Input for this task:
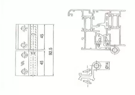 The heavy duty hinge is the most efficacious solution for the realisation of doors/frames of considerable dimension and weight. It can be entirely mounted on the pre-assembles frame, thanks to the fast adjustments in the three directions, made without the disassembling of the carters and the removing of the window leaf. This operation can be effected also by one person and is facilitated by the presence of immediately visible incisions. Hinges are available for different interaxes: 60-79
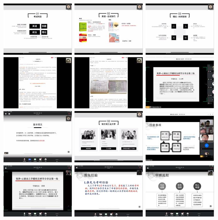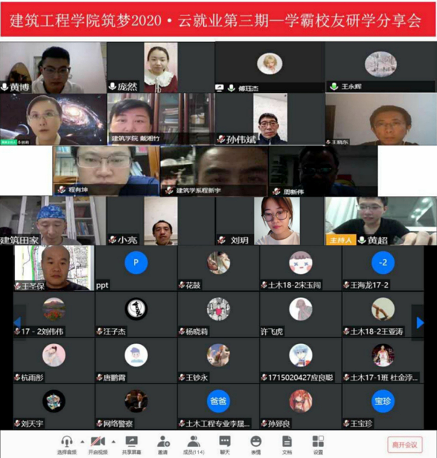 建筑工程学院2020届考研毕业生进入复试的较多,为了增加他们的复试成功率,同时引导2021届学生更好确定考研方向和目标,院长林莉和书记戴湘竹特邀四位学霸校友4月17日下午19:00做客“筑梦2020.云就业”,为建工学子开展研学经验分享。学院领导班子全体成员,各系部负责人,部分专业教师,全体辅导员,2020届准备复试学生、2021届有考研意向毕业生及部分学生家长百余人参加。分享会由2020届毕业班辅导员黄超主持。
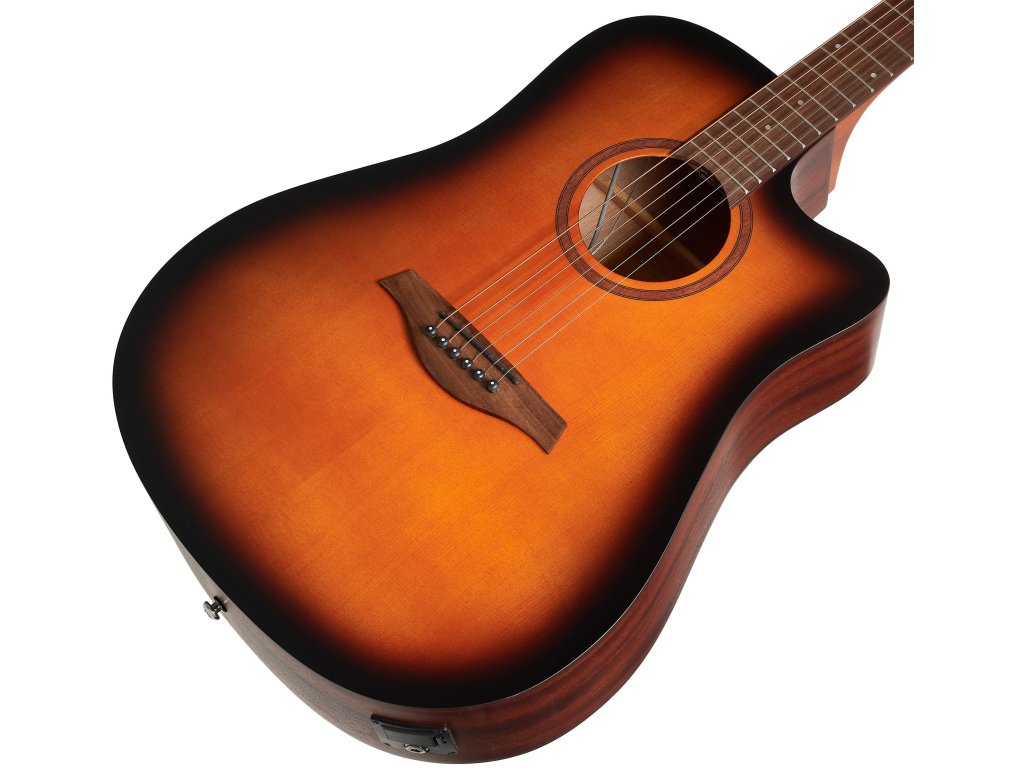 Gitara elektroakustyczna CODY DNCE-SBT oferuje płytę wierzchnią ze sklejki świerkowej, płytę tylną i boki ze sklejki sapele, szyjkę z okoume z przyjemnym profilem C, orzechową podstrunnicę z dwudziestoma progami, orzechowy mostek, chromowane mechaniki stroikowe die-cast oraz wykończenie open-pore black satin.
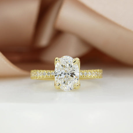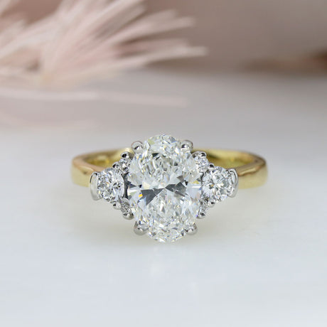 18ct Certified Oval Brilliant Cut Lab Grown Diamond with Stone Set Shoulders Total 2.29ct E VS1
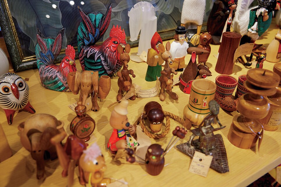 取材時には木製の木彫り雑貨がナインナップ。様々な国のものが陳列されていて、とてかわいらしい。中には今人気の木彫りの熊もあった。

About this exercise:
Extract, word for word, each line from the one that contains "建筑工程学院2020届考研毕" through the final line of the data above. Leave the pictures out.

Answer section:
 建筑工程学院2020届考研毕业生进入复试的较多,为了增加他们的复试成功率,同时引导2021届学生更好确定考研方向和目标,院长林莉和书记戴湘竹特邀四位学霸校友4月17日下午19:00做客“筑梦2020.云就业”,为建工学子开展研学经验分享。学院领导班子全体成员,各系部负责人,部分专业教师,全体辅导员,2020届准备复试学生、2021届有考研意向毕业生及部分学生家长百余人参加。分享会由2020届毕业班辅导员黄超主持。
 Gitara elektroakustyczna CODY DNCE-SBT oferuje płytę wierzchnią ze sklejki świerkowej, płytę tylną i boki ze sklejki sapele, szyjkę z okoume z przyjemnym profilem C, orzechową podstrunnicę z dwudziestoma progami, orzechowy mostek, chromowane mechaniki stroikowe die-cast oraz wykończenie open-pore black satin.
 18ct Certified Oval Brilliant Cut Lab Grown Diamond with Stone Set Shoulders Total 2.29ct E VS1
 取材時には木製の木彫り雑貨がナインナップ。様々な国のものが陳列されていて、とてかわいらしい。中には今人気の木彫りの熊もあった。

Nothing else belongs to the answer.